Nonetheless, our statistical study clearly showed that, in advanced stage patients diagnosed with retinoblastoma prior to 24 months, the FGFR4 p.Gly388Arg allele was significantly higher. As a result, these findings suggest that the FGFR4 p.Gly388Arg allele may play a role in both aggressive tumor progression and tumor formation. Furthermore, taking into account the status of the FGFR4 p.Gly388Arg allele, this polymporphism can be considered to be a novel alternative for predicting clinical development and assessing the stage of disease in patients with advanced stage retinoblastoma. Studies on a wider community of patients with longer follow-up data will help to test this theory. The findings to be obtained from future studies are expected to contribute to the literature on the pathogenesis, etiology, and genetic origin of retinoblastoma and to direct the next generation in terms of early detection and options for treatment. In addition, genetic testing in the prenatal and preimplantation phases in new family pregnancies may be conducted to predict the disease until the baby is born, or the gene-borne disease in the family can be fully removed by in vitro fertilization (ivf).

Data Availability

The data used to support the findings of this study are restricted by the Local and Clinical Research Ethics Committee of Istanbul University in order to protect patient privacy.

Ethical Approval

This study complies with ethical standards. The conformity approval of the Ethics Board was granted to conduct the study in Istanbul University, Oncology Institute, Department of Basic Oncology with the date 18.05.2016 and no. 360.

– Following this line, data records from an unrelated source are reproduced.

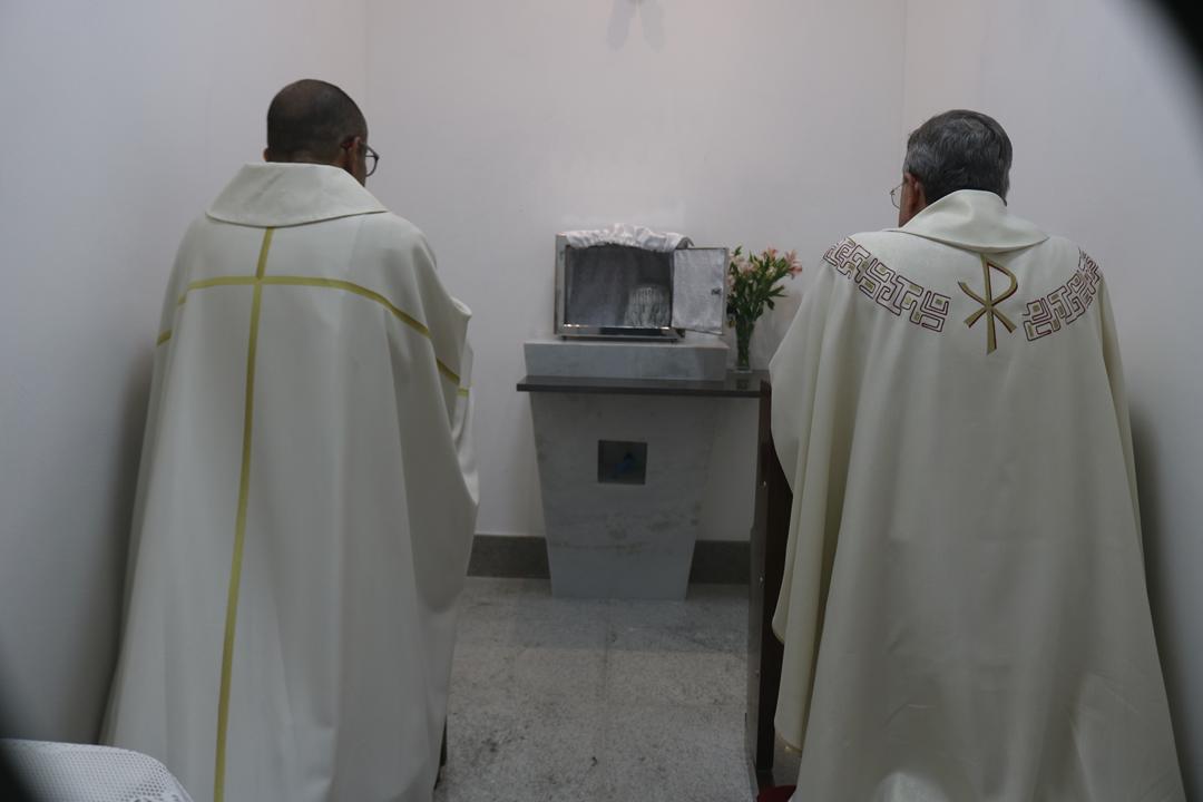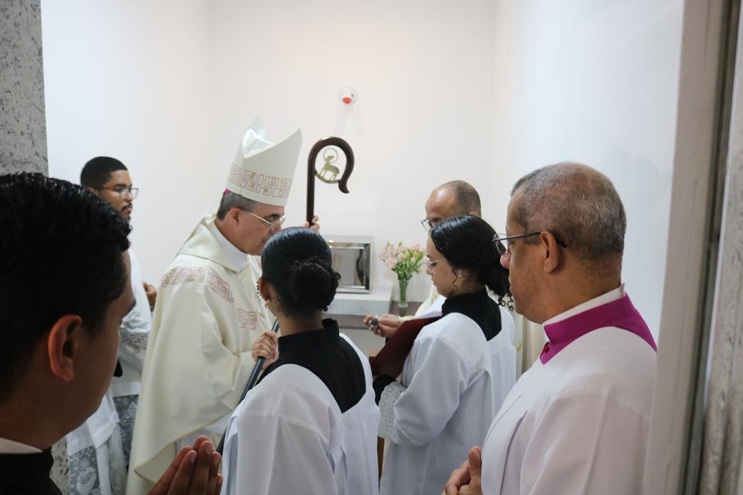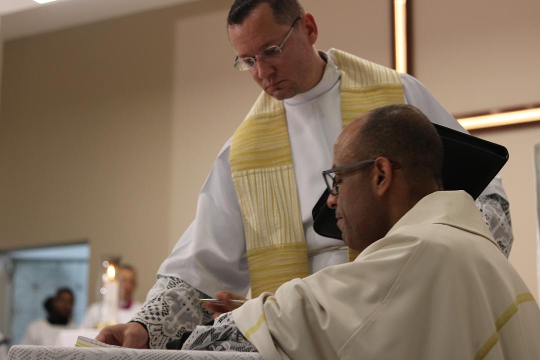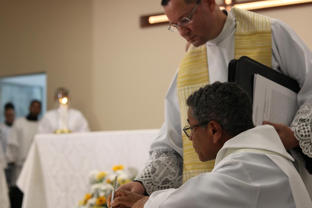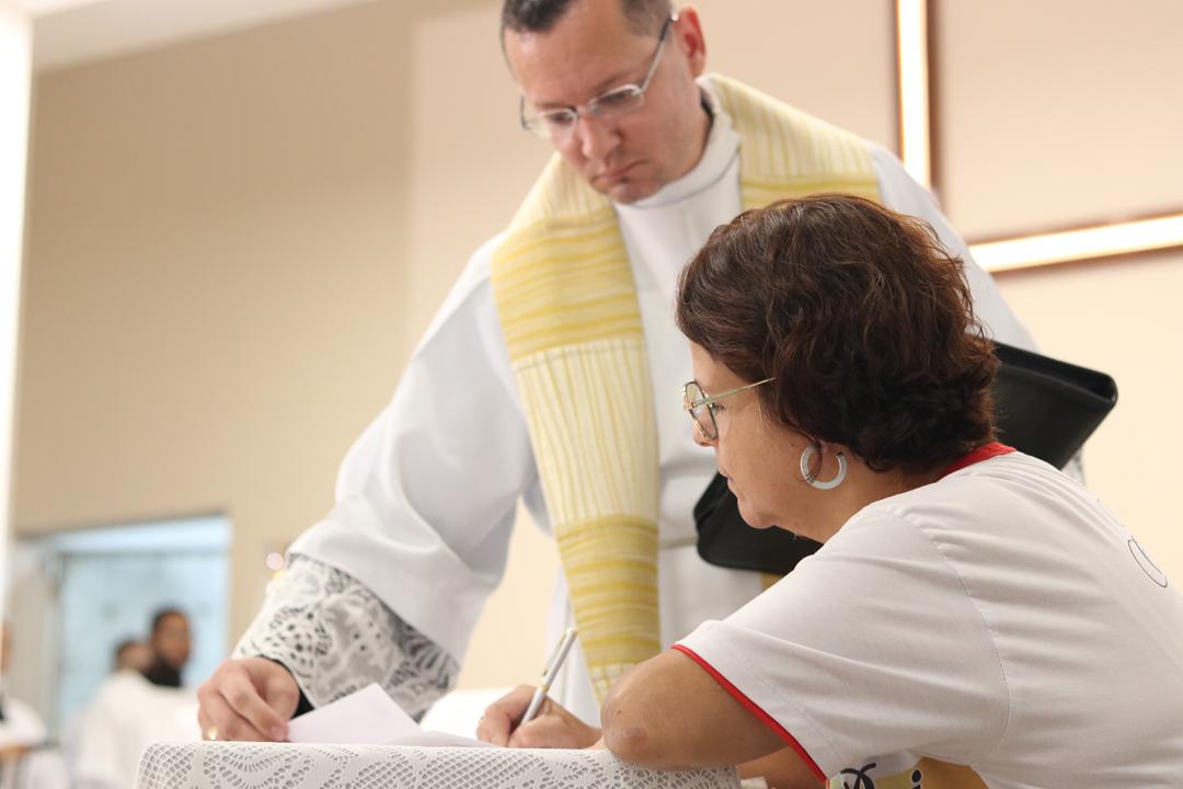 Ao final da celebração, foram lidas duas atas: primeiramente, a ata de instalação da nova paróquia, seguida da ata de posse do padre Elinei Eustáquio Gomes, ambas proferidas pelo Chanceler do Bispado, padre Ueliton Neves da Silva, e devidamente assinadas conforme as normas canônicas.
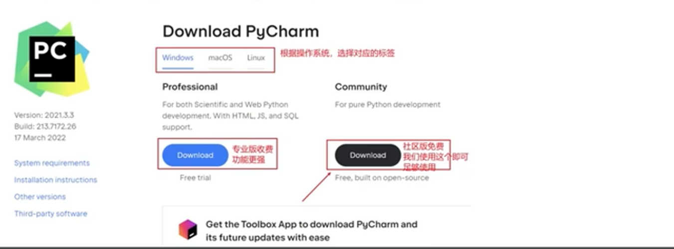 打开网站: https://www.jetbrains.com/pycharm/download/#section=windows
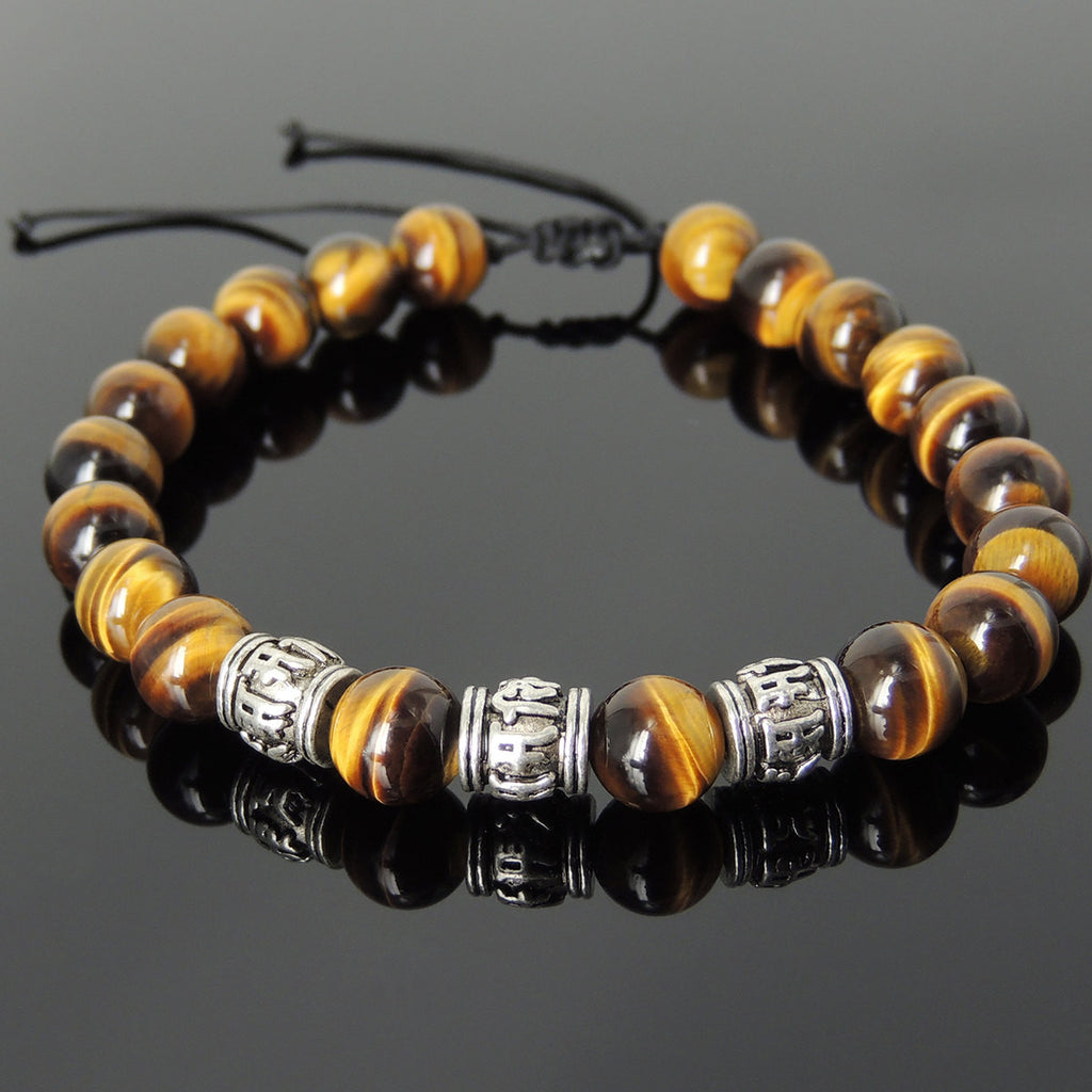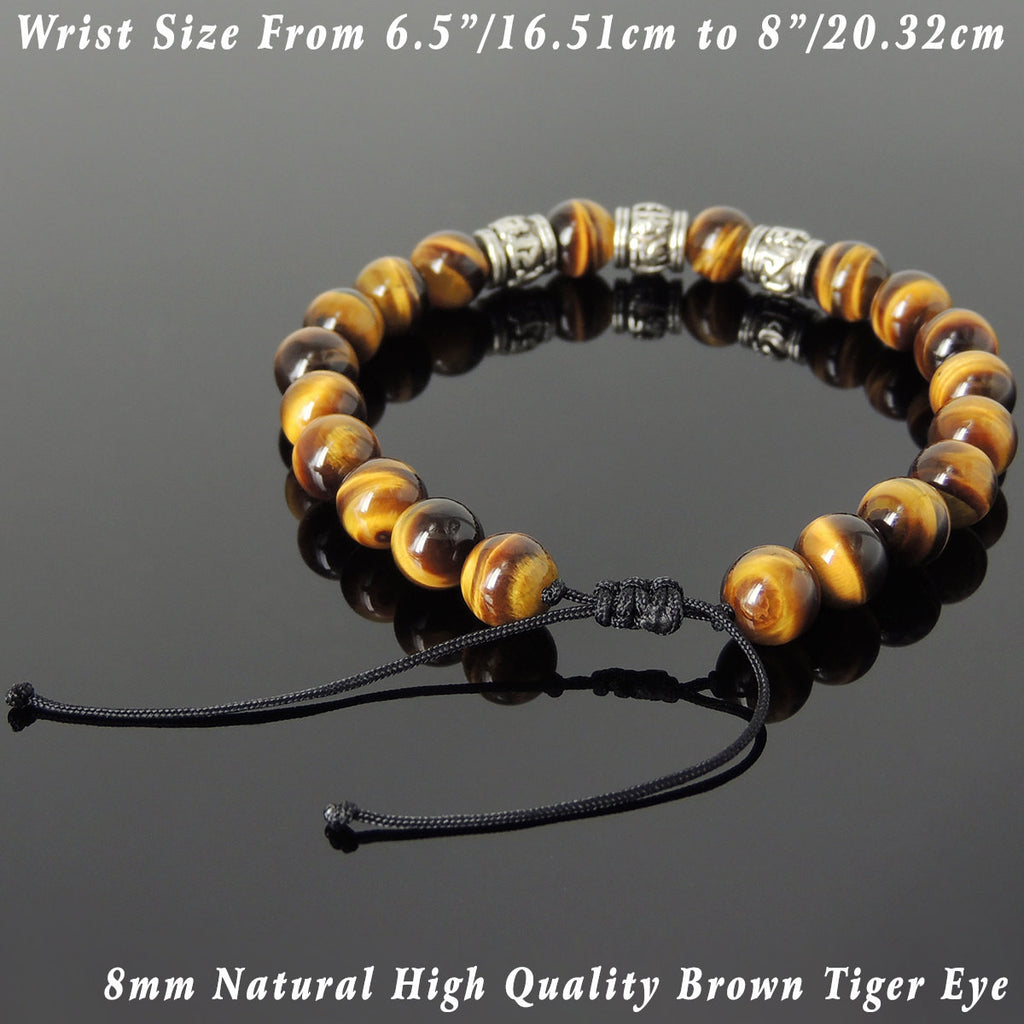 Men's Women Brown Tiger Eye Adjustable Braided Bracelet Tibetan Silver OM Buddhism Beads DiyNotion T343
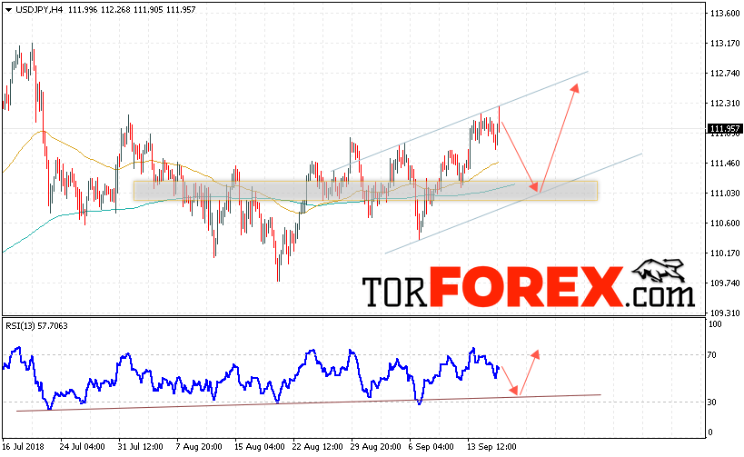 В пользу роста пары USD/JPY выступит тест линии тренда на индикаторе относительной силы, а также тест границы нижней границы восходящего канала. Отменой варианта роста пары Доллар Иена станет падение и пробой уровня 110.75, что укажет на пробой нижней границы восходящего канала и продолжение снижения пары Доллар Иена с целью ниже уровня 111.00. С пробоем области сопротивления и закрытием котировок выше уровня 112.45 стоит ожидать подтверждения развития восходящего движения по паре.
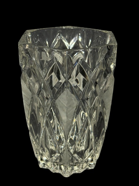 • CRISTAL, um (1) vaso confeccionado sextavado confeccionado em demi-cristal translucico com lapidação geométrica e pingos de diamante, medindo 20,5x13x13cm,
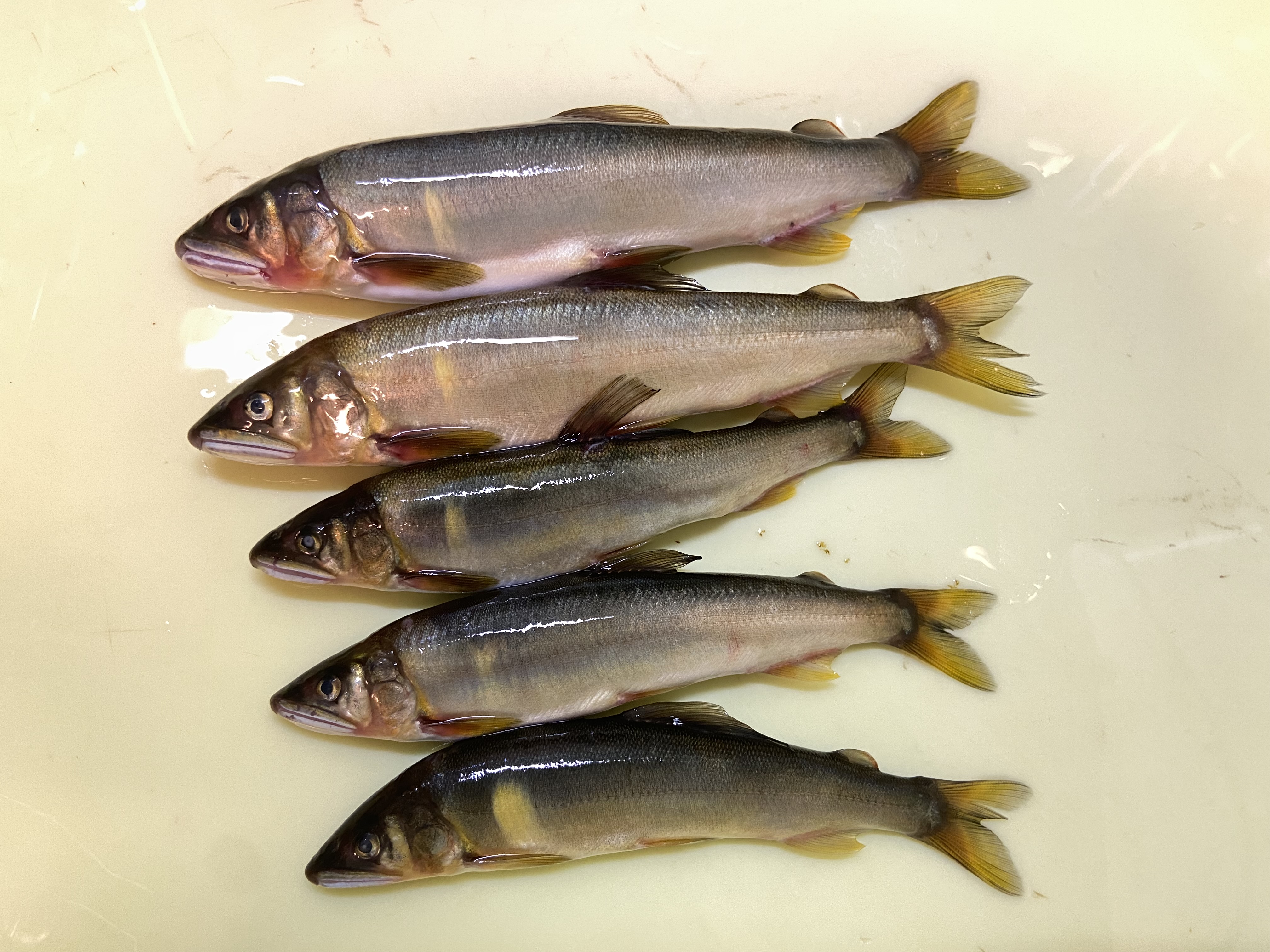 今年9回目の鮎釣りに行ってきました。今回は長良川郡上の杉ケ瀬やな。7時30分にスロープの前からスタート。やや流れの緩いトロ瀬で開始5分で天ちゃんに変えれて「今日は期待できるぞ!」とどんどん釣り下っていきます。途中かなり押しの強い白泡の掘れ込みでも真っ黄っ黄の鮎も連チャンし周りも人で一杯だったので、他の釣り人の方が12時頃お昼ご飯で川から上がるだろうと予測を立て、自分は10時半に早弁。15分程度でそそくさと昼食を済ませ、まだ叩いていないガチャガチャへ真っしぐら。が、しかし全く掛からないどころか舟から出したての囮もフラフラで親にならない鮎ばかり。何回か養殖に変えてなるべく強い泡に玉をかませてねじ込みますが反応なし。午前中の連チャンがウソの様。14時30分に雨雲レーダーに土砂降りの予報が出たので降られる前に撤収しました。結局5匹の不甲斐ない釣果に終わってしまい、帰り道にもう鮎釣りに行きたくなりました。次は白川の支流の解禁が休みなので黒川でリベンジしたいです。
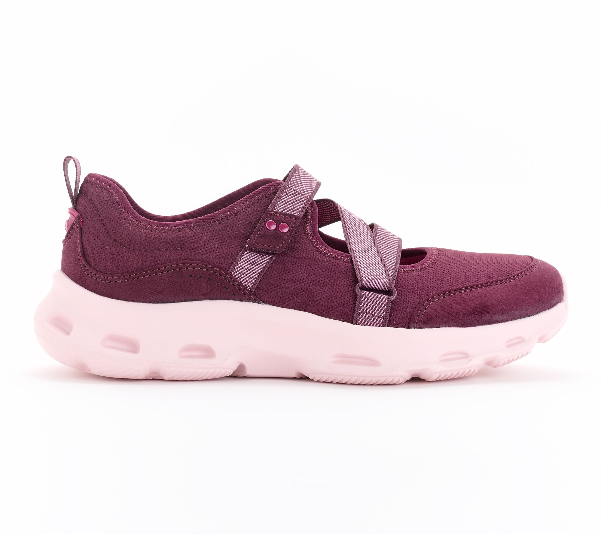 A morning walk, a quick trip to the market, or standing all day at work -- these athletic Mary Janes bring comfort and style to your busy. The Z-strap with easy hook-and-loop closure keeps the fit secure, while a soft fabric upper and anatomical insole offer cushioned support from arch to heel. From Ryka.

All patients were informed about the study, and consents were granted in the scope of the cancer genetics polyclinic. Individual consent was signed by each individual.

Conflicts of Interest

The authors declare that they have no conflicts of interest.

Acknowledgments

This work was supported by Scientific Research Projects Coordination Unit of Istanbul University (Project number: BYP-2018-27990).